* _Exercise details_:
In the copy of these records, include no pictures and change nothing else.

* _The data_:
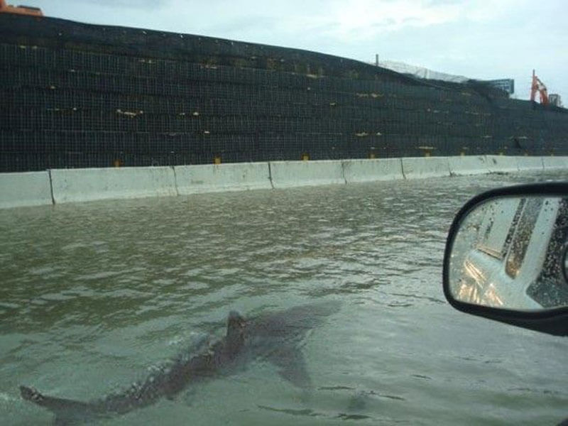 Kasırga nedeniyle sular altında kalmış otoyolda yüzen köpek balığı fotoğrafıyla başlayalım…
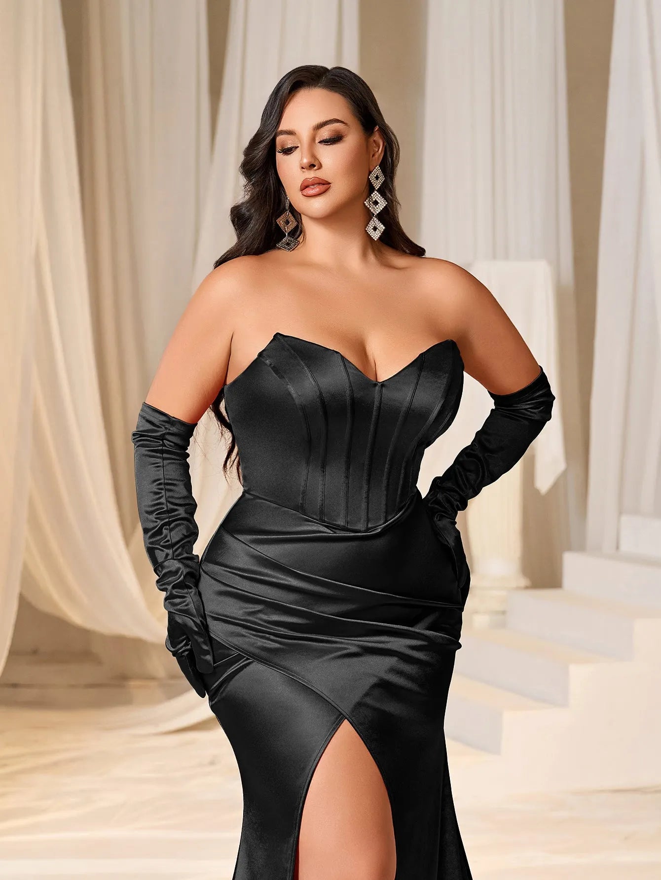 Turn heads with this ravishing satin gown, designed for ultimate glamour and confidence. The gown features a corset-style bodice that accentuates your curves and a daring thigh-high slit for added allure. Complete with matching opera gloves, this ensemble is the epitome of old-Hollywood elegance. The fitted silhouette flows into a subtle train, creating a dramatic and timeless look.
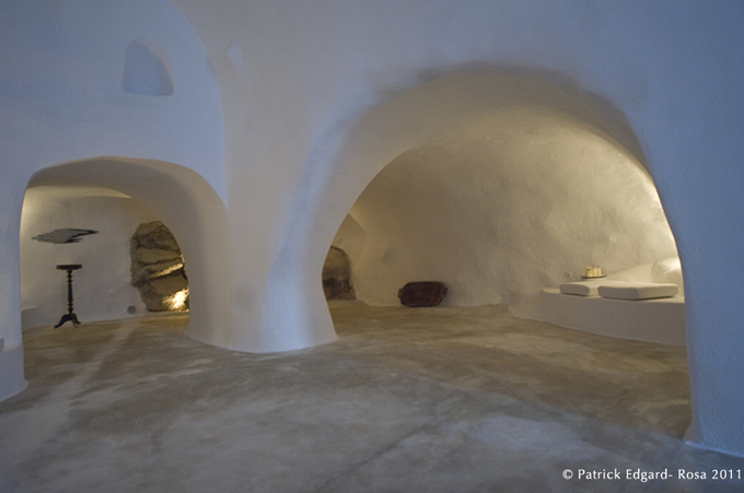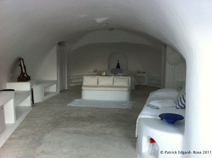 Nous garons le quad dans la cour du domaine, saisis d’éblouissement devant cet ensemble troglodytique rénové de façon extraordinaire, où le rose des bougainvilliers rivalise avec le bleu des portes et des dômes, et le blanc des enduits de façades : nous sommes à St Artemis, havre de fraîcheur : il s’agit d’ un ancien ermitage construit autour d’une chapelle : chaque cellule de pèlerin a été transformée en chambre décorée avec un goût parfait, dans un camaïeu de blanc, d’un confort luxueux et sobre à la fois, et d’une modernité acétique. Certaines scaftas ( cf article : Architecture et troglos à Santorin) plus spacieuses, servent de salle à manger ou de home cinéma troglo.
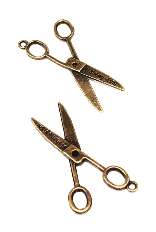 Un bonito charm en forma de tijera abierta en color bronce antiguo.
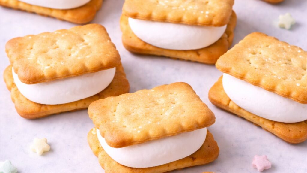 ④マシュマロの上に表向きにビスケットをのせて、ムニッと押してくっつけて完成!
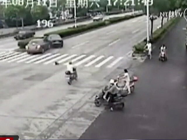 Las cámaras de seguridad de la provincia de Zhejiang registraron los precisos instantes en un perro causa un choque múltiple al cruzar intempestivamente la pista. Las imágenes muestran como el can es impactado por un auto, que en su intento de no arrollar al perro termina chocando con un vehículo e invade el carril contrario. Por otro lado en Rusia, la cámara de vigilancia de un vehículo registró el momento en que un motociclista sale volando por los aires tras impactar contra un auto.
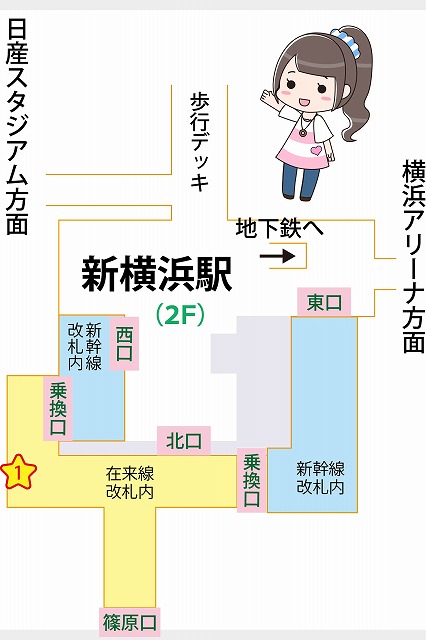 新横浜駅ガイド:わかりやすい構内図、待ち合わせ場所3ヶ所マップ付き関西の駅ガイド。
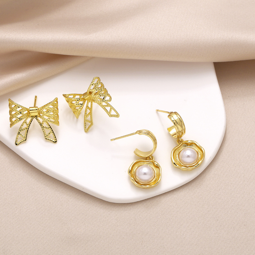 AS jewelry earrings bow earrings gold-plated zircon pearl earrings earrings erz49
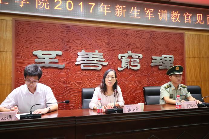 徐小立在会上指出,学校历来重视对学生特别是新生的军事训练工作,这不仅是国家现代化军事后备建设的必经之路,还是学校对大学生进行国防教育的第一课。她对教官提出了"三个希望":一是希望给同学们树立好的榜样,让新生明白军训的严肃性与国家国防的重要性;二是希望通过军训锤炼出学生钢铁般的意志,不能降低训练要求,严格按照训练标准展开训练;三是希望让新生切身体会铁一般的纪律,从而形成优良的学习生活作风。她表示,很期待新生以飒爽英姿接受学校党委行政和武警岳阳支队的检阅。
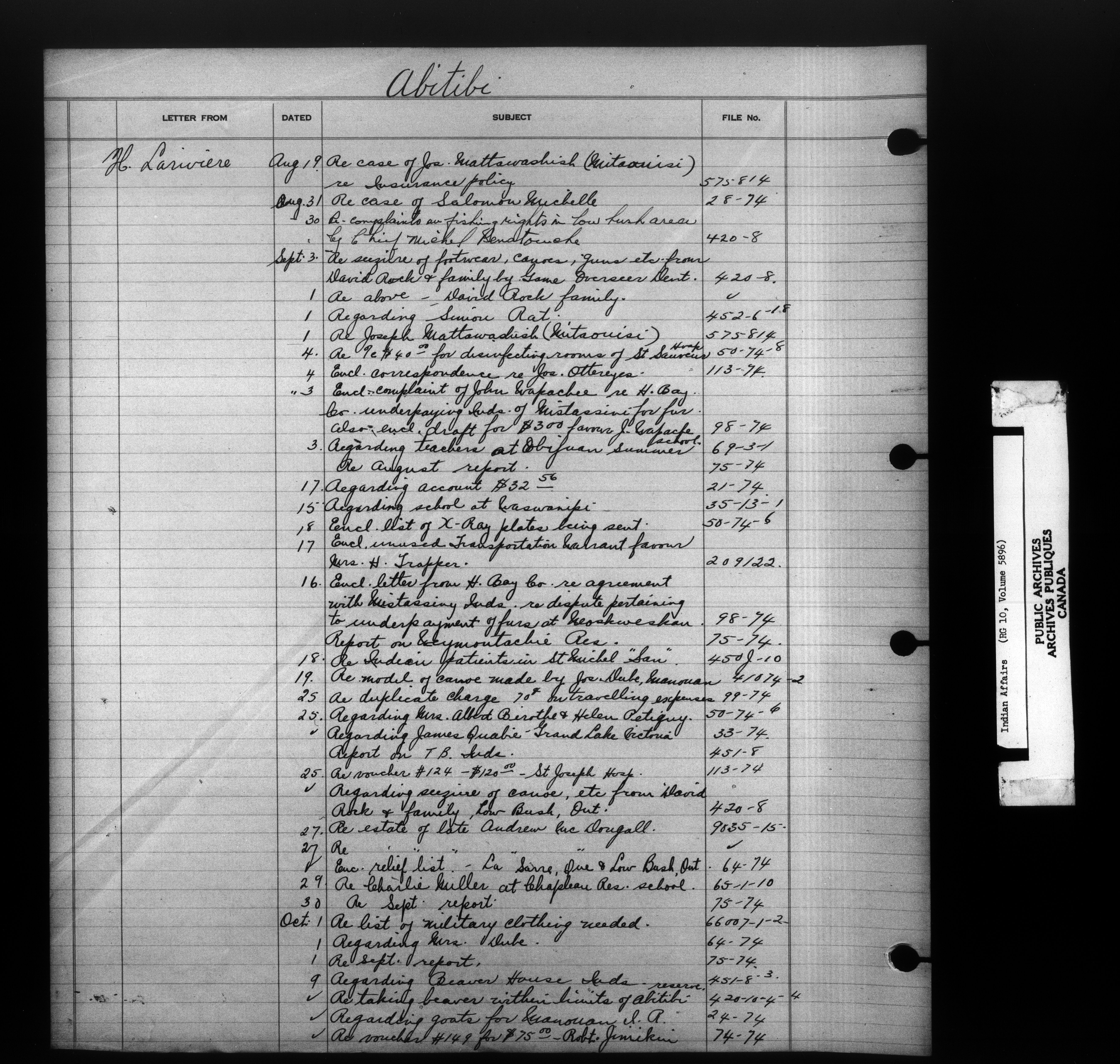 Department of Indian Affairs : Indexed Registers for Eastern Canada - 10927

* _Output of the task_:
 Kasırga nedeniyle sular altında kalmış otoyolda yüzen köpek balığı fotoğrafıyla başlayalım…
 Turn heads with this ravishing satin gown, designed for ultimate glamour and confidence. The gown features a corset-style bodice that accentuates your curves and a daring thigh-high slit for added allure. Complete with matching opera gloves, this ensemble is the epitome of old-Hollywood elegance. The fitted silhouette flows into a subtle train, creating a dramatic and timeless look.
 Nous garons le quad dans la cour du domaine, saisis d’éblouissement devant cet ensemble troglodytique rénové de façon extraordinaire, où le rose des bougainvilliers rivalise avec le bleu des portes et des dômes, et le blanc des enduits de façades : nous sommes à St Artemis, havre de fraîcheur : il s’agit d’ un ancien ermitage construit autour d’une chapelle : chaque cellule de pèlerin a été transformée en chambre décorée avec un goût parfait, dans un camaïeu de blanc, d’un confort luxueux et sobre à la fois, et d’une modernité acétique. Certaines scaftas ( cf article : Architecture et troglos à Santorin) plus spacieuses, servent de salle à manger ou de home cinéma troglo.
 Un bonito charm en forma de tijera abierta en color bronce antiguo.
 ④マシュマロの上に表向きにビスケットをのせて、ムニッと押してくっつけて完成!
 Las cámaras de seguridad de la provincia de Zhejiang registraron los precisos instantes en un perro causa un choque múltiple al cruzar intempestivamente la pista. Las imágenes muestran como el can es impactado por un auto, que en su intento de no arrollar al perro termina chocando con un vehículo e invade el carril contrario. Por otro lado en Rusia, la cámara de vigilancia de un vehículo registró el momento en que un motociclista sale volando por los aires tras impactar contra un auto.
 新横浜駅ガイド:わかりやすい構内図、待ち合わせ場所3ヶ所マップ付き関西の駅ガイド。
 AS jewelry earrings bow earrings gold-plated zircon pearl earrings earrings erz49
 徐小立在会上指出,学校历来重视对学生特别是新生的军事训练工作,这不仅是国家现代化军事后备建设的必经之路,还是学校对大学生进行国防教育的第一课。她对教官提出了"三个希望":一是希望给同学们树立好的榜样,让新生明白军训的严肃性与国家国防的重要性;二是希望通过军训锤炼出学生钢铁般的意志,不能降低训练要求,严格按照训练标准展开训练;三是希望让新生切身体会铁一般的纪律,从而形成优良的学习生活作风。她表示,很期待新生以飒爽英姿接受学校党委行政和武警岳阳支队的检阅。
 Department of Indian Affairs : Indexed Registers for Eastern Canada - 10927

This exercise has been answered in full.